Были у меня с ним и расхождения по вопросам преподавания мелиорации: он давал своим студентам двенадцать задач-упражнений, это позволяло ему охватить практически весь курс орошения; я на 4-м курсе давал цельный курсовой проект - материала меньше. Зато хорошая подготовка к производственному проектированию.
Алексей Николаевич слыл человеком сухим, неразговорчивым и прижимистым. Но мы беседовали подолгу, он заинтересовался моей диссертацией, быстро провел ее через ВАК (когда там свирепствовал Лысенко и лысенковцы), и утром осеннего дня мне выдали документ кандидата технических наук, а вечером приняли в Союз писателей.

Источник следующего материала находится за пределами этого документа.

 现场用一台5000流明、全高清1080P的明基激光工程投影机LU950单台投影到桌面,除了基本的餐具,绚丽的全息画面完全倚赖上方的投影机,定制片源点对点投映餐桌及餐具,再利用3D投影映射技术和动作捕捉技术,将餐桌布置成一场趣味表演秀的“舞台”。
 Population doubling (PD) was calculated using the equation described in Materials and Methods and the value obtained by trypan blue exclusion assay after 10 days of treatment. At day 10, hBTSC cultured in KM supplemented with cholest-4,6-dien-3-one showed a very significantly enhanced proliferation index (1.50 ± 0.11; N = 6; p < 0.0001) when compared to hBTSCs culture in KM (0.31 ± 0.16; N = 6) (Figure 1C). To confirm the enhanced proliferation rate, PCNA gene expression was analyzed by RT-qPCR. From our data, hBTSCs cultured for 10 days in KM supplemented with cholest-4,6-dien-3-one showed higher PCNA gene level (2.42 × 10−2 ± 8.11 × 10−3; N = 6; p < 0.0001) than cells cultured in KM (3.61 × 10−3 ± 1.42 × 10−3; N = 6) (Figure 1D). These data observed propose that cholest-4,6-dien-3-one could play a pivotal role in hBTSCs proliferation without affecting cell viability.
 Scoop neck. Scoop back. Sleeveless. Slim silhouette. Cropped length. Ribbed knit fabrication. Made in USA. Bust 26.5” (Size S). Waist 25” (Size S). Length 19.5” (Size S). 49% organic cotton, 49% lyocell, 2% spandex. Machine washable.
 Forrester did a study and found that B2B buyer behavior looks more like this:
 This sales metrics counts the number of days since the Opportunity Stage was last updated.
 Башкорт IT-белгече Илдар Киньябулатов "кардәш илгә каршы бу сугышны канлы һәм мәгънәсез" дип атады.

Позже говорили, что, когда Костяков умер (в 1957 году), обнаружили, что он брал со сберкнижки по 500 рублей в месяц, остальные (гонорары, несколько Сталинских премий, а это были очень большие деньги) перечислялись на счета детских учреждений. Он много читал, знал русскую (и иностранную) классику и уже по одному этому был демократом - мне не хватает встреч и бесед с ним до сих пор.

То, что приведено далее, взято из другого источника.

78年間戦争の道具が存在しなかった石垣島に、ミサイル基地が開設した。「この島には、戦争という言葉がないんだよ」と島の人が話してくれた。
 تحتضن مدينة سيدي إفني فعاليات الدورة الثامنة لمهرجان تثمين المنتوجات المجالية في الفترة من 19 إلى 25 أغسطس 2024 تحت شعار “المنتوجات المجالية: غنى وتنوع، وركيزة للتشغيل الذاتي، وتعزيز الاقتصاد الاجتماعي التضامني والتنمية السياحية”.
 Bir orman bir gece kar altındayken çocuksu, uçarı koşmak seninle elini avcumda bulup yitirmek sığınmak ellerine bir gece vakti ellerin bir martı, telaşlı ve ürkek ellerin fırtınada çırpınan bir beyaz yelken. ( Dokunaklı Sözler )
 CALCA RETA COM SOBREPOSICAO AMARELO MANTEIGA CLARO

Нас не затронули страшные 1937 и 1938 годы, кончили мы институт в 1939-м, мало зная - совсем не зная - окружающую действительность.
Мы, как правило, хорошо зарабатывали - если летние каникулы были двухмесячные, мы проводили на производственной практике не меньше трех-четырех месяцев, а то и больше, и нам платили не только как инженерам, но и как инженерам главным, как начальникам изыскательских партий, руководителям проектов и даже экспертам. Почему так? Потому что на нашем производстве в то время были почти исключительно инженеры-практики (и такая в ту пору была квалификация) без теоретической подготовки, они говорили: это - трудные расчеты, вот уж приедут студенты, они и рассчитают - народ грамотный. И мы опять-таки чихать хотели на всяческую политику. И деканат, и дирекция института каким-то образом умели не вмешиваться в наши дела и настроения.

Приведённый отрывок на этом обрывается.